**Median**

- Another frequently used measure of center is the median.
- Essentially, the median of a data set is the number that divides the bottom 50% of the data from the top 50%.
- The median of a data set is the middle value in its ordered list.

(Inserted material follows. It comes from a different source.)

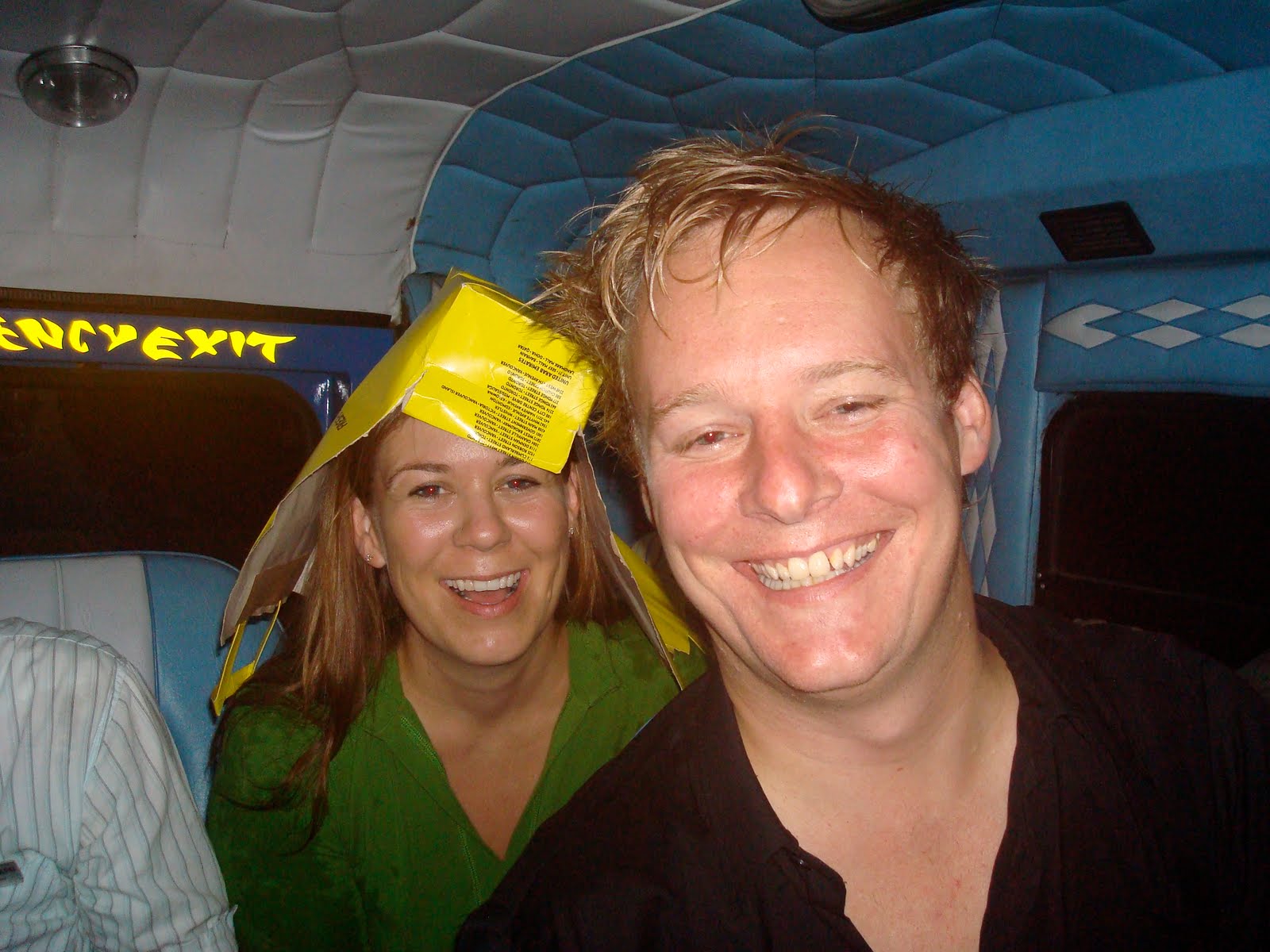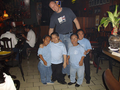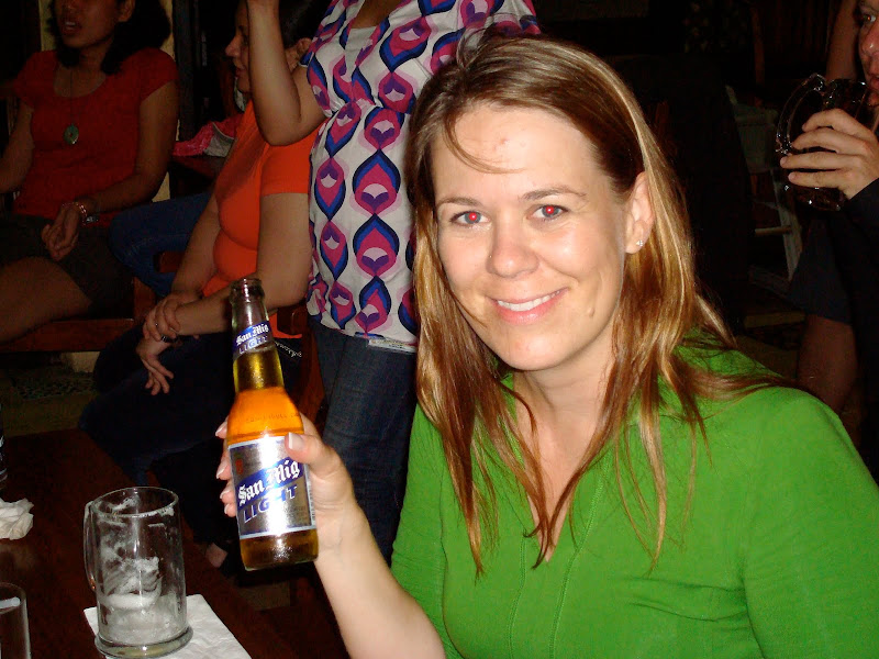 we got ready for dinner and ran for the bus. my sister used a very environmentally conscious rain hat which she had made from a lush bag - lush being pretty environmentally conscious themselves. we had a nice dinner, some karaoke and a few beers. san miguel light and san miguel extra dry were our beers of choice in the philippines. very refreshing, as my red-eyed sister illustrates (these were taken before i got the "big" camera).

**Steps to obtain median**

- Arrange the data in increasing order. Let n be the total number of observations in the dataset.
- If the number of observations is odd, then the median is the observation exactly in the middle of the ordered list, i.e. n+1 observation
- If the number of obsevations is even, then the median is the mean of the two middle observations in the ordered list, i.e. mean of n / 2 and n / 2 + 1 observation

**Example**

- 2, 12, 5, 7, 6, 7, 3
- Arrange the data in increasing order 2, 3, 5, 6, 7, 7, 12
- n = 7 odd, median is the n+1 / 2 = 8 / 2 = 4th observation, “6”.
- 2,105, 5, 7, 6, 7, 3
- Arrange the data in increasing order 2, 3, 5, 6, 7, 7, 105
- n = 7 odd, median is the n+1 / 2 = 8 / 2 = 4th observation,“6”.
- 2, 105, 5, 7, 6, 3
- Arrange the data in increasing order 2, 3, 5, 6, 7, 105
- n = 6 even, median is the average of n / 2 and n / 2 + 1 observation = 5+6 / 2 = 5.5.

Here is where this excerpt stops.